- Born: Abhilasha Munipalle, Andhra Pradesh, India
- Occupations: Actress; voice artist;
- Years active: 1978–present
- Spouse: Mukesh ​ ​(m. 1988; div. 2011)​
- Children: 2
- Relatives: Viji Chandrasekhar (sister)
- Awards: Filmfare Awards Nandi Awards Tamil Nadu State Film Awards Karnataka State Film Awards

= Saritha =

Indian actress

Saritha is an Indian actress who has acted in more than 150 films and provided voice for many actress for more than 200 films in Tamil, Telugu, Malayalam and Kannada languages. She was one of the popular and critically acclaimed lead actresses during the 1980s.

She also appeared in a television serial, Selvi. She is also credited as a dubbing artist. She has dubbed her voice for Tamil, Kannada, Malayalam and Telugu movies for actresses like Nagma, Vijaya Shanthi, Tabu, Sushmita Sen, Ramya Krishnan and Soundarya in 1990s.
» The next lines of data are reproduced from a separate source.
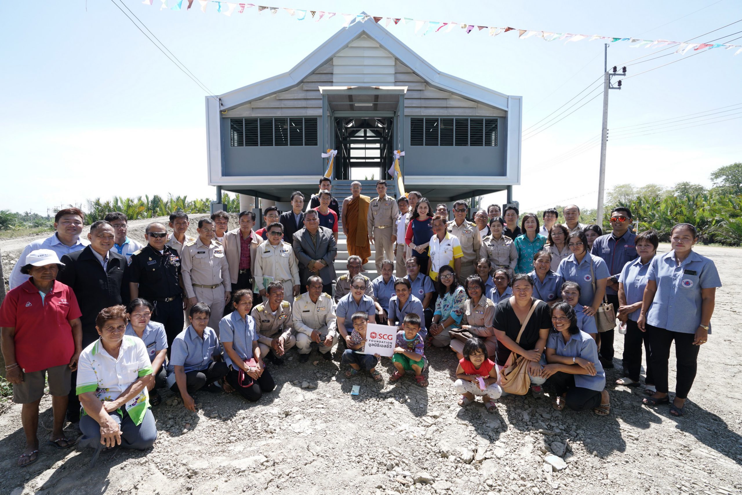 สุวิมล จิวาลักษณ์ กรรมการและผู้จัดการมูลนิธิเอสซีจี กล่าวว่า “มูลนิธิเอสซีจีร่วมกับสมาคมสถาปนิกสยาม ในพระบรมราชูปถัมภ์ ธุรกิจซีเมนต์และผลิตภัณฑ์ก่อสร้าง ในเอสซีจี และเพื่อนพนักงานเอสซีจีจิตอาสา จัดสร้างอาคาร “เอื้อสุข” ขึ้นในพื้นที่วัดโคกแสง ต.ขนาบนาก อ.ปากพนัง จ.นครศรีธรรมราช เพื่อให้เป็นสมบัติของคนในชุมชนได้ใช้พักพิงอาศัยในยามเกิดอุทกภัยและวาตภัย โดยอาคารเอื้อสุขเป็นอาคารอเนกประสงค์ มีคุณสมบัติแข็งแรง มั่นคง ทนทาน สามารถรองรับการเกิดอุทกภัยและวาตภัยได้ ตัวอาคารยกใต้ถุนสูง 2 เมตร เพื่อให้ชาวบ้านมั่นใจว่าน้ำจะไม่ท่วมถึงตัวอาคาร เนื่องจากที่ผ่านมา ที่ตั้งของอาคารแห่งนี้เคยถูกน้ำท่วมสูงสุด 60 เซนติเมตร ในขณะที่บริเวณอื่นๆ น้ำเคยท่วมสูงถึงเกือบ 2 เมตร ดังนั้น พื้นที่บริเวณวัดโคกแสงจึงถือเป็นจุดยุทธศาสตร์ที่เหมาะสมมากที่จะก่อสร้างอาคารเพื่อป้องกันอุทกภัย ชาวบ้านสามารถเข้ามาพักพิงหลับภัยบนอาคารได้ประมาณ 200 คน และพักพิงอยู่ได้เป็นระยะเวลานับแรมเดือน ด้านในอาคารจะมีห้องน้ำไว้ปลดทุกข์อย่างถูกสุขลักษณะ มีห้องสำรองเสบียงอาหารแห้ง มีพื้นที่สำหรับประกอบกิจวัตรประจำวัน เช่น หุงหาอาหาร ซักล้าง ฯ ซึ่งจะช่วยให้พี่น้องผู้ประสบภัยสามารถดำรงชีวิตอยู่ได้อย่างดีพอสมควรทีเดียว”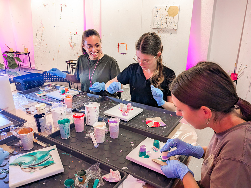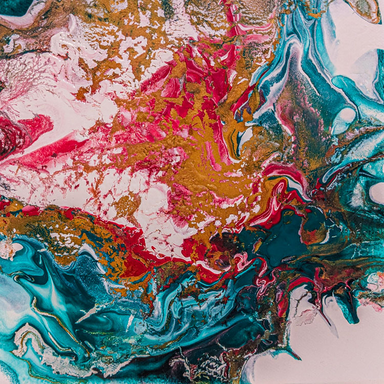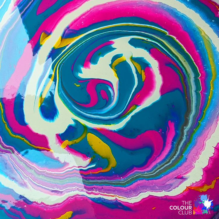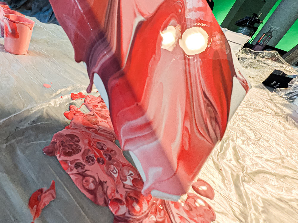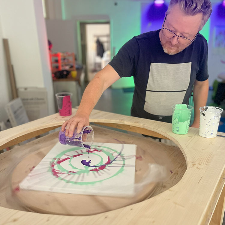 Farben auswählen, gießen, fließen lassen – und erleben wie auf der Leinwand spannende Verläufe und interessante Muster entstehen.
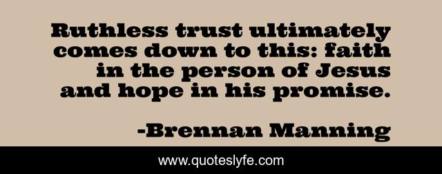 This page presents the quote "Ruthless trust ultimately comes down to this: faith in the person of Jesus and hope in his promise.". Author of this quote is Brennan Manning. This quote is about down, faith, trust,.
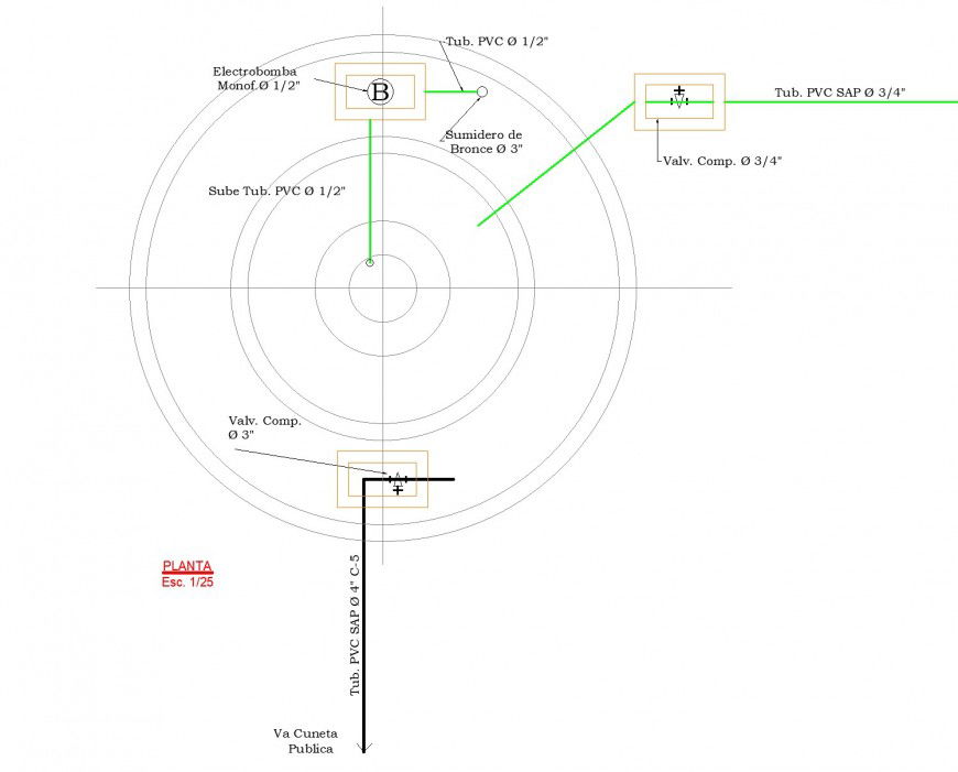 Square plan autocad file, dimension detail, naming detail, valve comp.detail, tables PVC sap detail, scale 1:25 detail, round shape plan detail, etc.

She is a recipient of several state awards from Tamil, Telugu and Kannada, six Filmfare Awards and six Nandi Awards including a Special Jury Award for the film Arjun. Saritha received Tamil Nadu State Film Awards four times, and Karnataka State Film Awards once.

==Career==
Saritha made her acting debut through Manchiki Sthanam Ledu a movie produced by producer based in Warangal named Akula Sanjeev Kumar in 1978 with a different screen name followed by Maro Charitra, a Telugu film directed by K. Balachander. The movie dealt with cross-cultural romance, where she acted opposite Kamal Haasan as a Telugu-speaking girl. She received more offers in Tamil films and Tamil Audience accepted herself as her own, she mostly acted films directed by Balachander. Some of her films are Thappu Thalangal, Idhi Katha Kadhu, Vandichakkaram, Netrikan, Agni Sakshi, Puthukavithai, Kalyana Agathigal and Achamillai Achamillai. Her performance in Vandichakkaram (1980) and Achamillai Achamillai (1984) won her the Filmfare Best Tamil Actress awards. She also played guest roles as herself in 47 Natkal and its Telugu remake, directed by Balachander.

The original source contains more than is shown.